A Bass Fishing Guide’s View

Hi my name is Jimmy Everett. My day actually starts when I get in off the water. Keep in mind the time varies during the year, and it can range from 6pm during the winter and early spring to as late as 9pm in the summer time. This is where the work starts, when I tell my clients good-bye for the night and head off to the gas station to fill up the bass boat and truck for the next day of fishing. Hopefully I have enough oil for the motor or it’s a late night trip to Walmart. After a few late night trips you learn to buy a lot of oil at one time. After the bass boat is ready for the next day’s fishing trip it is parked in the storage and batteries put on charge for the night. I then have to take all the rods that need to be restrung into the house so I can get them ready for in the morning. When I walk thru the door it’s time to spend a little time with my kids before they are off to bed. Once that is finished I then hurry to reline the reels that need line and make all the phone calls that I need to make such as potential clients who called for trips and sponsors to give them updates on how things are going. As soon as I’m off the phone it’s on the Internet to answer any emails I get throughout the day.  When that is wrapped up its off to the shower to bathe so I will smell good he next day (can’t smell bad for the fish). By now it’s getting late and if I have to run to Walmart at this time it will be 11pm or later when I get back home. I make sure the alarm is set and it’s off to bed because 4:45 am comes early.

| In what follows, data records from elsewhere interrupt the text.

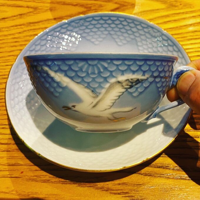 今は無きビングオーグレンダール社の代表的なデザイン。1895年から作り続けられてきたデザインで、カップやソーサーの縁には縄文が施され、大空をゆったりと飛ぶカモメが描かれています。ブルーから白へとつながるグラデーションが他にはなく素敵です。ロイヤルコペンハーゲンと共に「B&G」と記載があれば、それはビングオーグレンダール社製の希少な品物です。
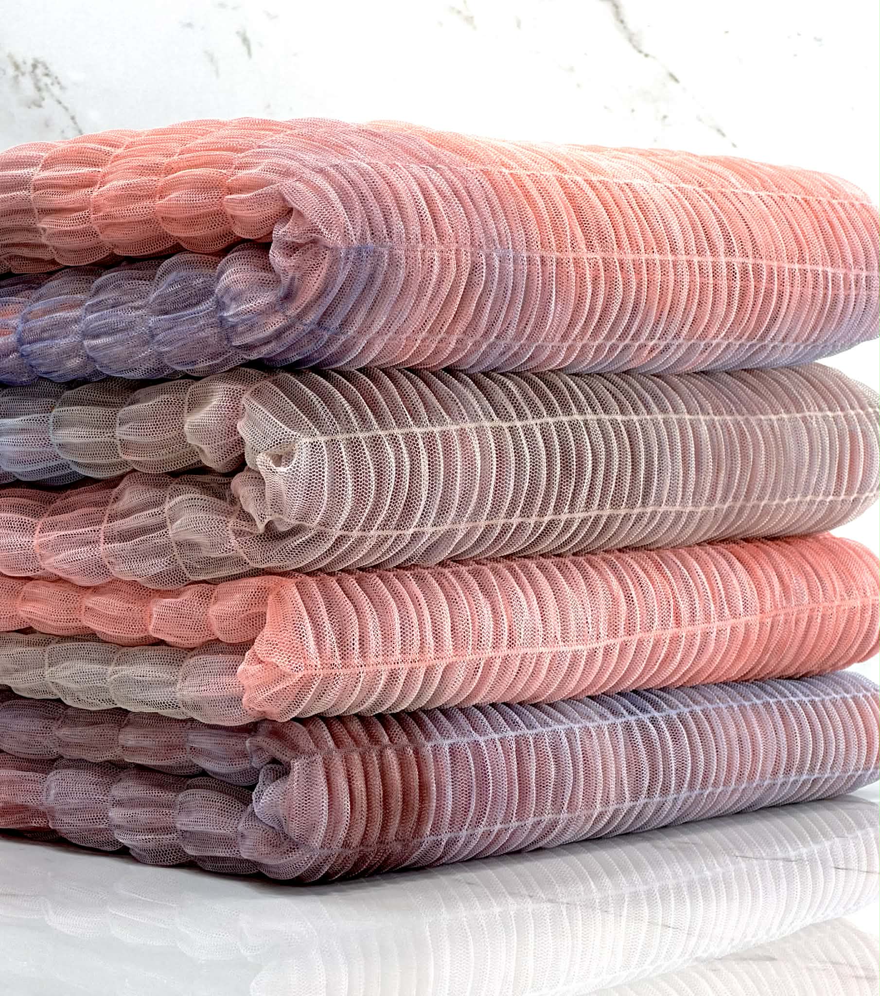 (PLEATED MESH) BLUE AND CORAL TIE DYE
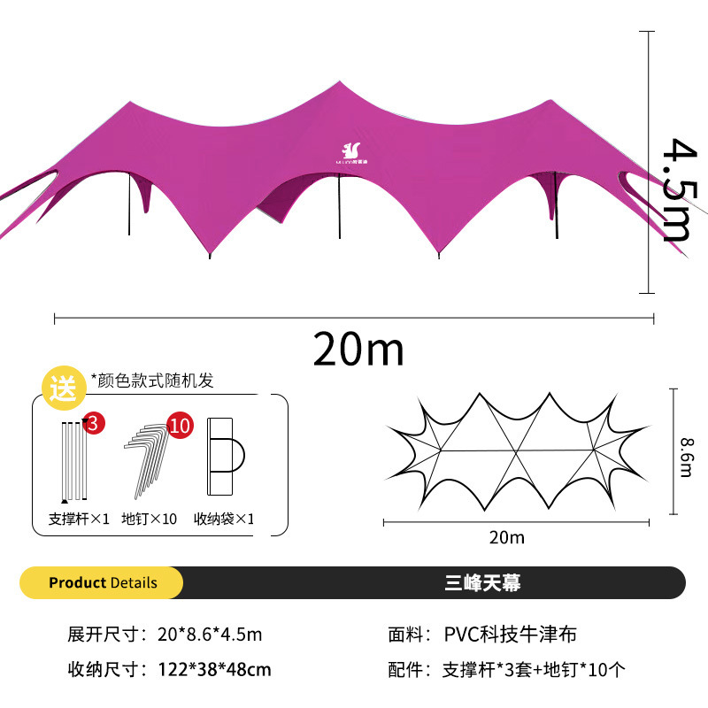싱글 · 더블 3 봉우리 초대형 겐팅 캐노피 문어 야영 야외 캐노피 완비산 캠프 연꽃 피닝

RING! RING! RING! It’s time to get up and throw on some clothes and make sure they are professional for that day. I make sure I have water for my clients and it’s off to Axton’s Bass City to meet my clients. When I arrive at the marina I make sure to rig up all the rods with the baits we need to fish for the day. By now my clients should have arrived and we step inside to have breakfast. During the time we eat I try to get to know my clients as good as I can so that I can be the most enjoyable person for them to be around that day. Some of the things I have to take into consideration are what kind of conversations to hold, how much fishing experience they have, and things like how to run the boat. Some like to go fast to see how a boat handles and younger people like the speed too, some want to just ride on plain and not fly across the lake.


When everyone is done it is time to launch, and get everyone in the boat and settled for the ride. From the time you arrive at the first spot until you get to the last spot it is work. You must teach people how to cast, how to work every type of bait you throw that day, telling them at each spot what they are fishing, why, and where to throw to, retying baits, taking off fish, getting pictures, and making sure they are having a good time. Take it into mind that you get some clients who get the Lake Fork hype and think we should be able to go out and catch 50 fish and 5 over 10lbs. These unrealistic dreamers are very tough to fish with. Imagine catching 25 to 30 fish a day for 2 weeks and all from 3-9lbs and then out of the blue the fish decide to shut down and you can only put 10 fish in the boat and not one is over 2lbs. It happens and it makes it very stressful for myself. I think to myself, You are a guide for a day so you know what we go thru everyday for the most part. Especially when the fish aren’t biting because it’s fishing not always catching.